- **What needs to be done**:
Reproduce, exactly and only, the lines of the data that follows from the one containing "Für das Streamen" down to the one containing "今日の朝食は、パン、ごはん、", without pictures.

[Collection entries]
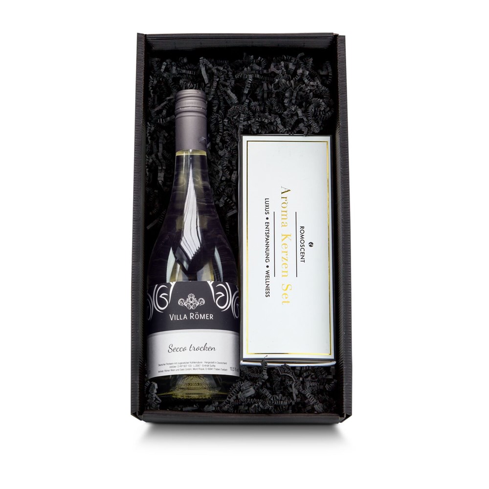 Eine besonders edle Kombination für einen privaten Zen-Moment zu Hause. Entspannen Sie bei einem Glas Secco im Kerzenschein. Dafür enthält der schwarze Geschenkkarton mit Sichtfenster einen hochwertigen Secco aus deutschem Anbau, mit einer harmonischen Kombination aus spannendem Süße-Säure-Spiel und belebender, feinperliger Kohlensäure (0,75 l) und ein Aromakerzen-Set mit 3 angenehm nach Vanille duftenden Kerzen. Die edlen Kerzen sind mit einer Schleife versehen und kommen jeweils in einem weißen Glas mit goldenem Aufdruck: Feel - Relax - Enjoy!
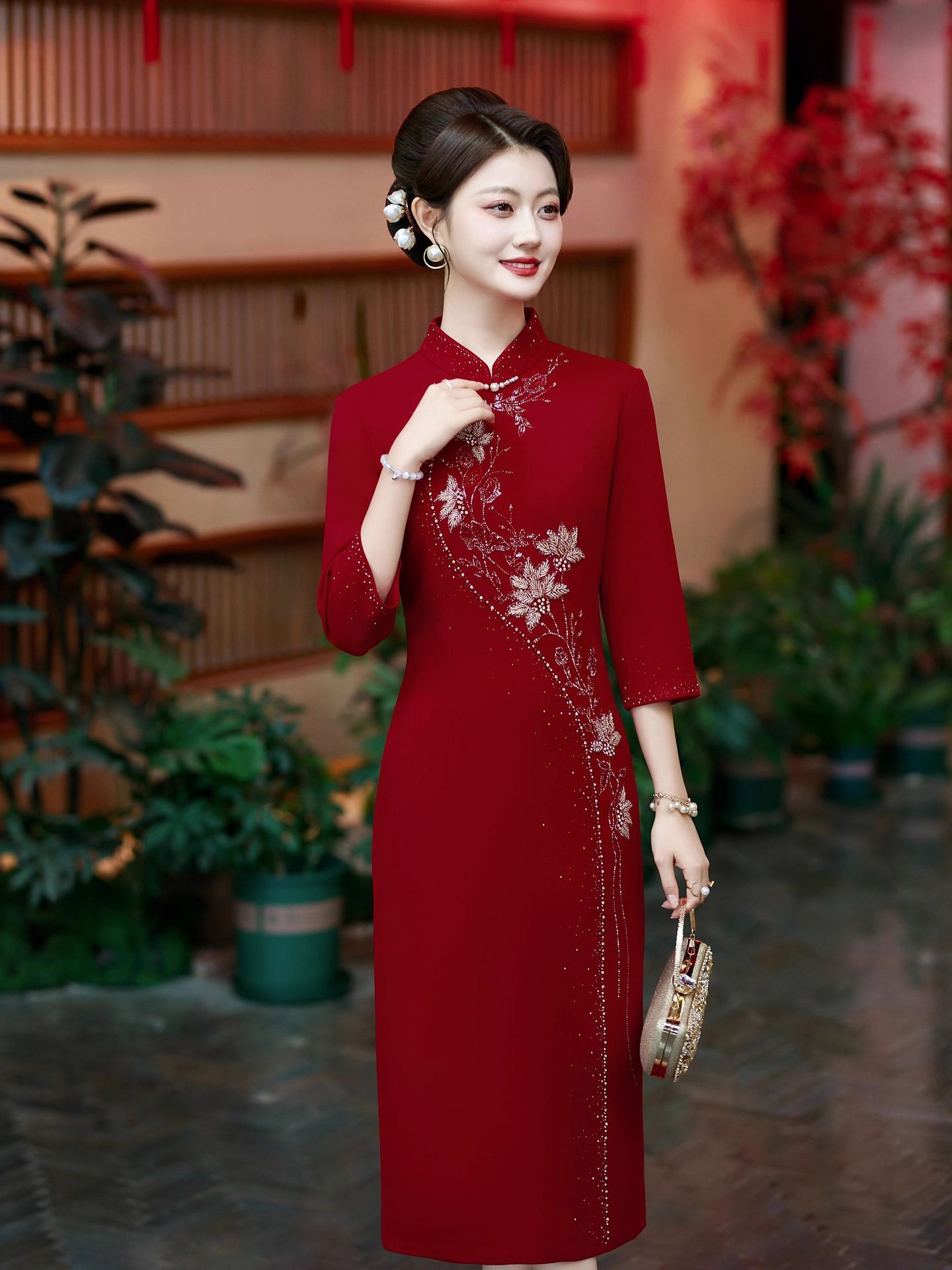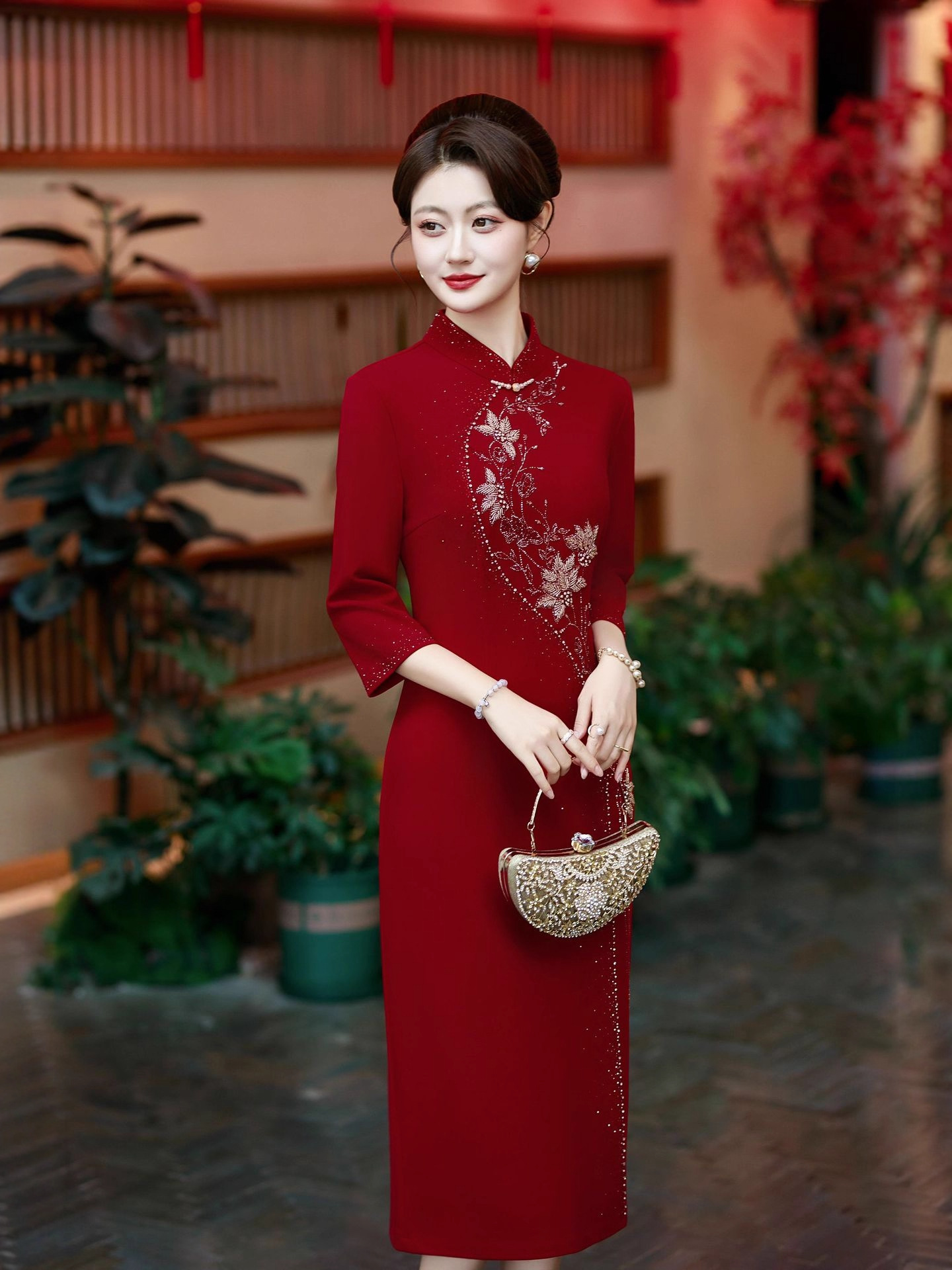 2025 New Autum Burgundy Women's Cheongsam Wedding Dress Cheongsam Wedding Banquet Cheongsam Mother's Dress
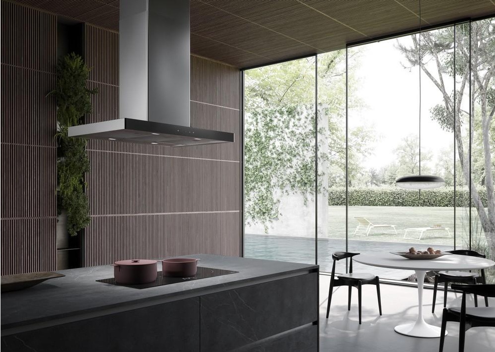 CATA Odsavač par LEGEND 9000: Tichý a výkonný odsavač s moderním designem, šířkou 90 cm, nerezem a černým sklem. Bezkartáčový motor zajišťuje sací výkon 639 m3/h a nízkou spotřebu. Nabízí 9 rychlostí, dotykové ovládání a úsporné LED osvětlení. Tukové
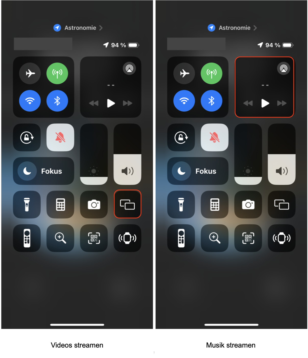 Für das Streamen von Video- und Audiodateien stehen dir diese Möglichkeiten im Kontrollzentrum zur Verfügung.
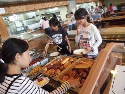 今日の朝食は、パン、ごはん、みそ汁、コーンスープ、牛乳、ジュース、お茶、オムレツ、ミートボール、春雨きんちゃくの煮物、レンコンのてんぷら、キャベツ、なっとうのどのうちから、好きな料理を選んでいただきました。
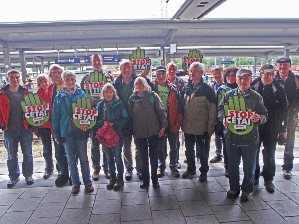 Trotz strömenden Regens folgten über 20 Teilnehmer dem Demo-Aufruf der BN-Kreisgruppe zur CETA/TTIP-Demo am 17.9. nach München mit Anreise per Bahn. Teilnehmer der Kreisgruppe waren u.a. Dr. Jürgen Riedler, Anne Hennersperger und Günter Schmidt, der die Simbacher Zuggruppe dankenswerterweise organisierte. Ab Mühldorf erfolgte dann die gemeinsame Weiterreise zur Demo mit mehr als 25.000 Menschen. Dort wurde gefordert: "Die Bevölkerung will weder TTIP noch CETA. Sowohl die bayerische Staatsregierung als auch die Bundesregierung müssen endlich die Notbremse ziehen und das Nein der Bürgerinnen und Bürgerinnen zu CETA und TTIP respektieren."
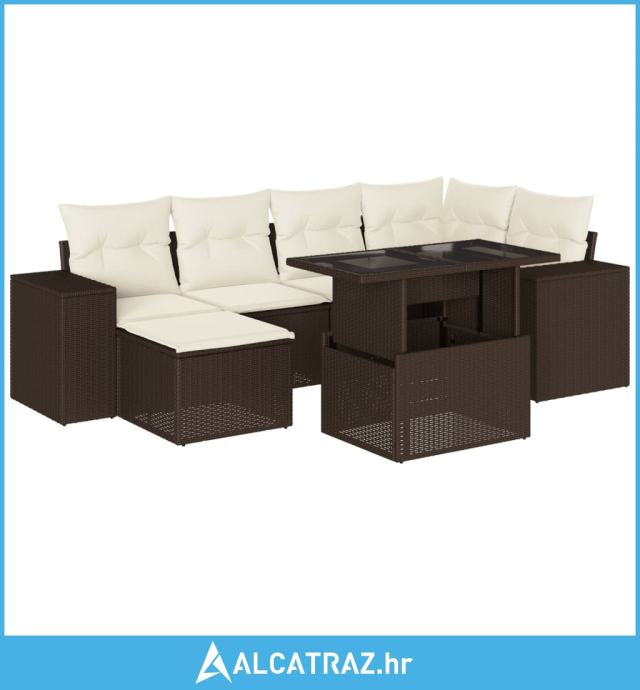 7-dijelni set vrtnih sofa od poliratana s jastucima smeđi - NOVO
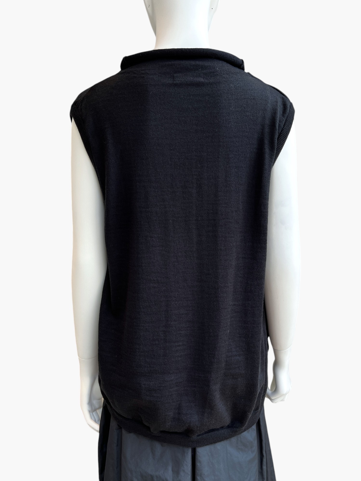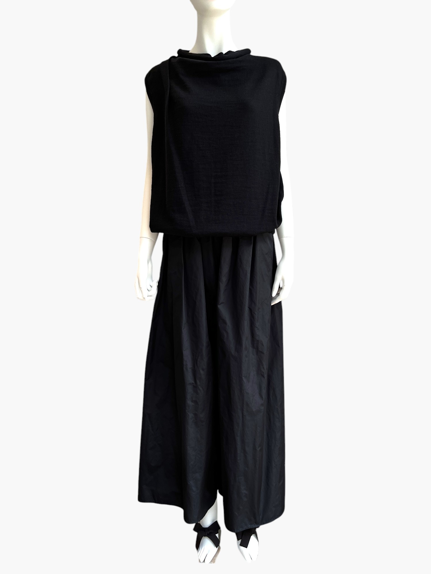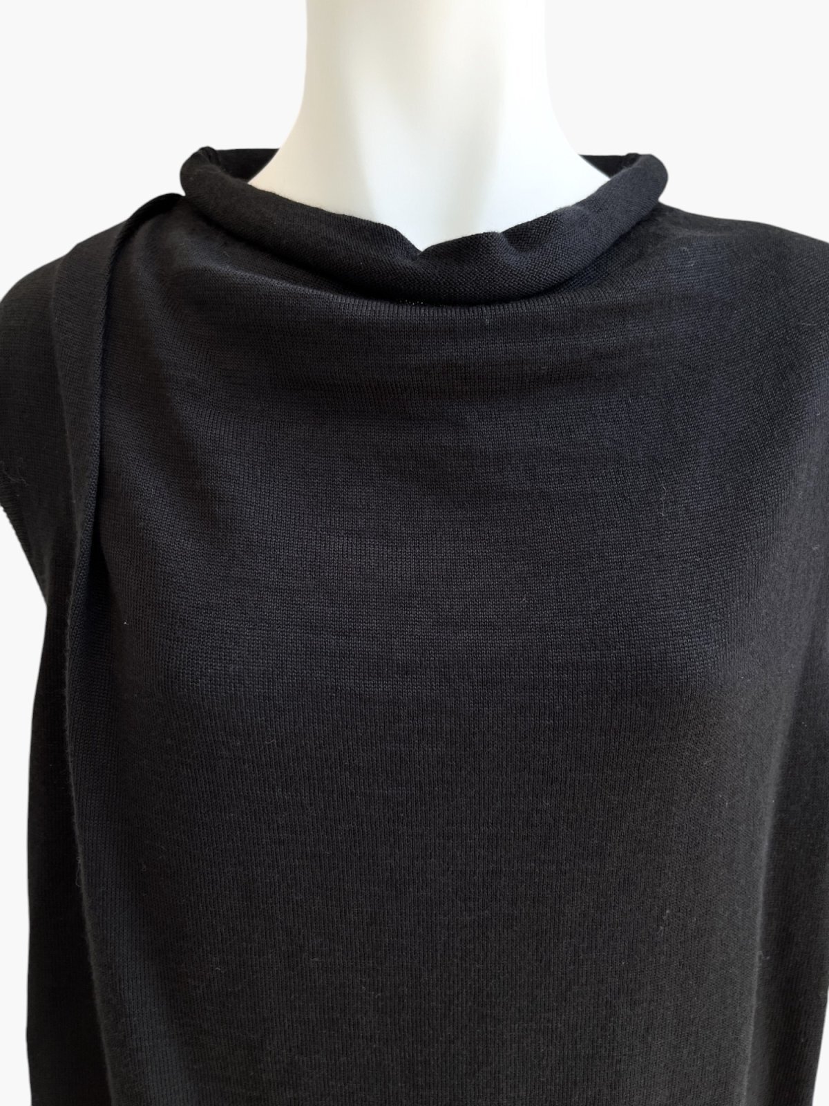 アシンメトリーなタック使いでニュアンスを出したハイゲージニット。

- **Task solution**:
 Für das Streamen von Video- und Audiodateien stehen dir diese Möglichkeiten im Kontrollzentrum zur Verfügung.
 今日の朝食は、パン、ごはん、みそ汁、コーンスープ、牛乳、ジュース、お茶、オムレツ、ミートボール、春雨きんちゃくの煮物、レンコンのてんぷら、キャベツ、なっとうのどのうちから、好きな料理を選んでいただきました。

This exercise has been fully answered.